# Have a safe flight back to Prague, and take good care of yourself.



## Alvitr

In an informal way, to a friend. Said by a woman to a man - How would I best write this in Czech, when ending a letter or email with said frase?

Thanks for any help


----------



## texpert

Informally in an e-mail I'd write

_dobře doleť(te) ((do Prahy)) a dávej(te) na sebe pozor_

However, the second clause is an usual phrase to hear from your parent and may get a little patronizing overtone (if only soft). So when talking to a mate I'd say

_dobře doleť(te) a měj(te) se hezky! _
(have a good time)

(( )) - omitting can be advised
( ) - formal or informal addressing, as with _du/Sie _in DE


----------



## Alvitr

Thank You, texpert 

Just so I understood you right. The "du" form looks like this:
-_ Dobře doleť do Prahy a měj se hezky!
_
I have seen the expression _- Měj se -_ alone a few times. Would it pretty much equal to the english "Take care"?


----------



## texpert

Yes, you got it (in spite of my unclear guidance) just right. 

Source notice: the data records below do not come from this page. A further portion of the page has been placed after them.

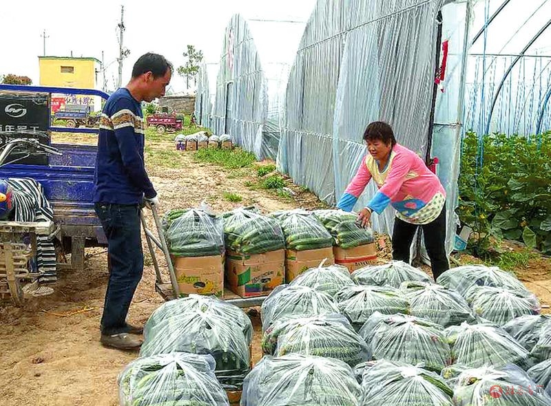 4月 19日, 上蔡县邵店镇高李村村民李国松正在组织当地村民采摘、 装运黄瓜。 据了解, 李国松承包了由帮扶单位省广播电视局 (原省新闻出版广电局) 捐建的 7座高标准日光温棚, 全部种上了黄瓜, 每个大棚纯收入可达2万元, 带动村民10余人就业。记者 陈 司 摄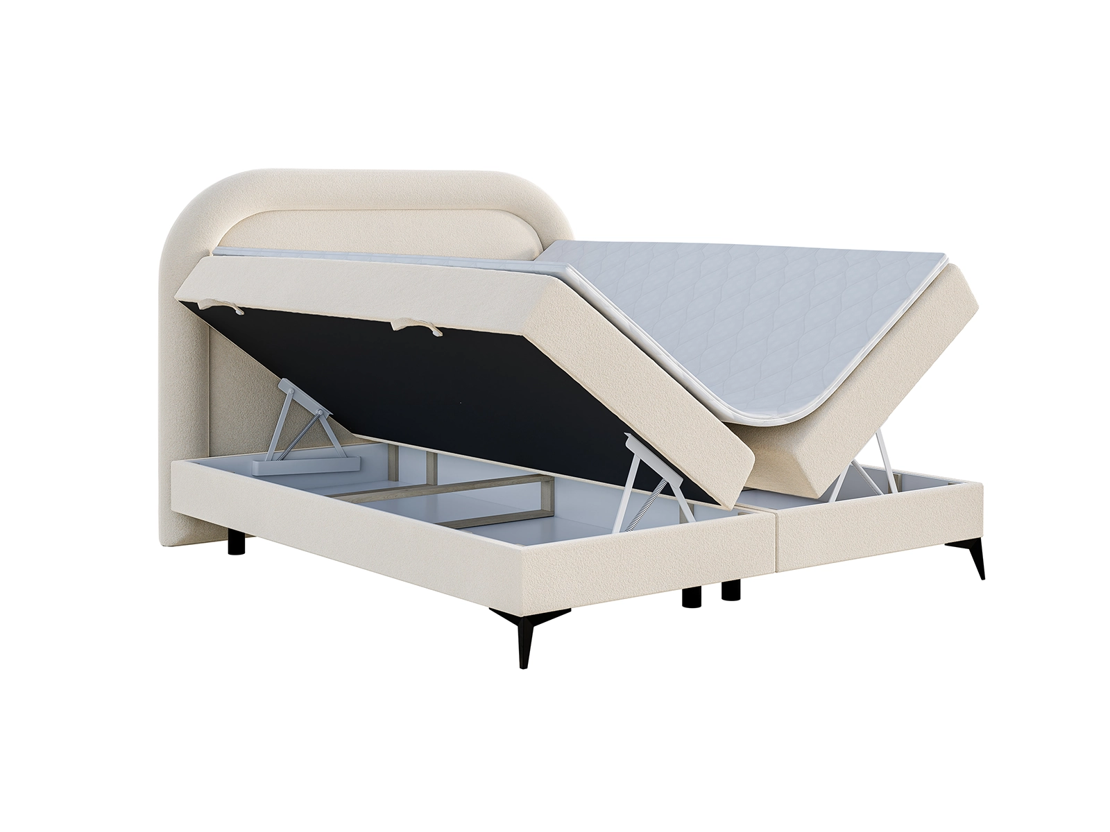 Łóżko kontynentalne 140x200 LEONIA z pojemnikiem i materacem bonellowym biały szenil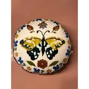 Invite a whimsical pop of color into your living room or reading nook with this embroidered pillow.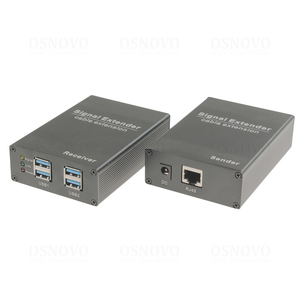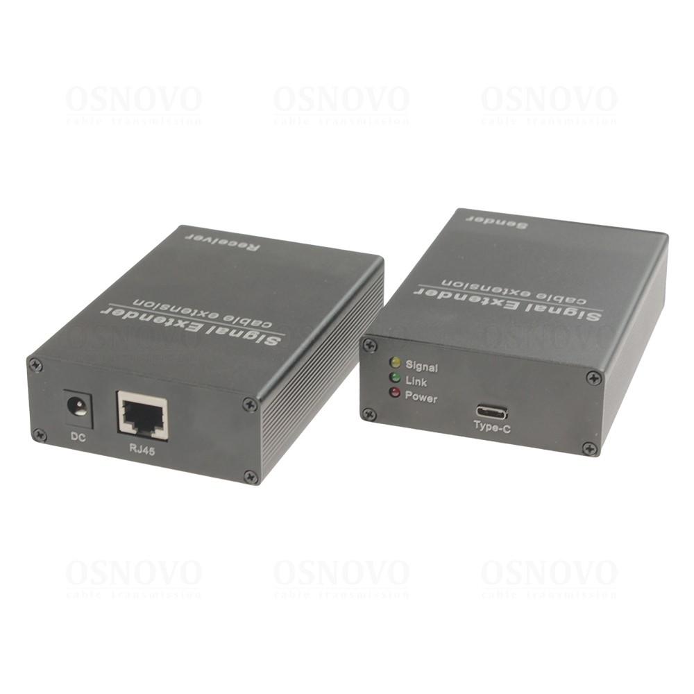 Удлинитель интерфейса USB 3.0 по кабелю витой пары CAT6e/7 до 100м. Приемник: Вх.-RJ45/Роз.2,1х5,5мм(DC12V). Вых.-USB(A)x4.Передатчик:Вх.-USB(Type-C)/Роз.2,1х5,5мм(DC12V). Вых.-RJ45.В комплекте БП DC12V(2A)-2шт, кабель USB. Размеры передатчика и приемника (ШхВхГ):74x35x108мм. Вес:0,18 кг. Рабочая температура -15...+55°C.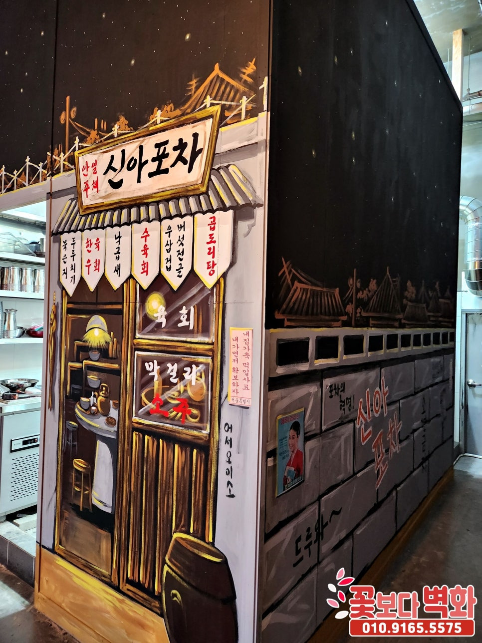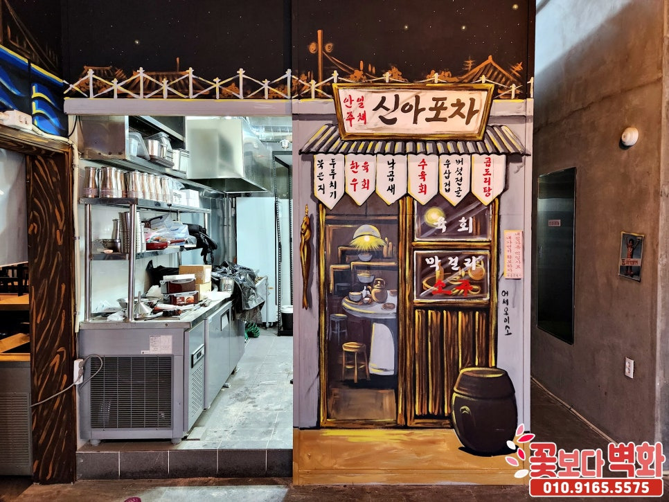 주방 쪽 벽면에는 신아포차의 모습이 그려졌습니다.

This phrase is universal and well-suited for a wide range of social contacts, from a casual friend through classmates to prospective spouses. 

_Měj se _= take care, indeed. There's nothing I can teach you anymore


----------



## Alvitr

Nothing unclear at all! I was a little unsure before about the _-te_ endings. Thanks to you I now see and understand it better 
It is good to have a reliable frase that one can use and that fit in most situations.

Měj se


----------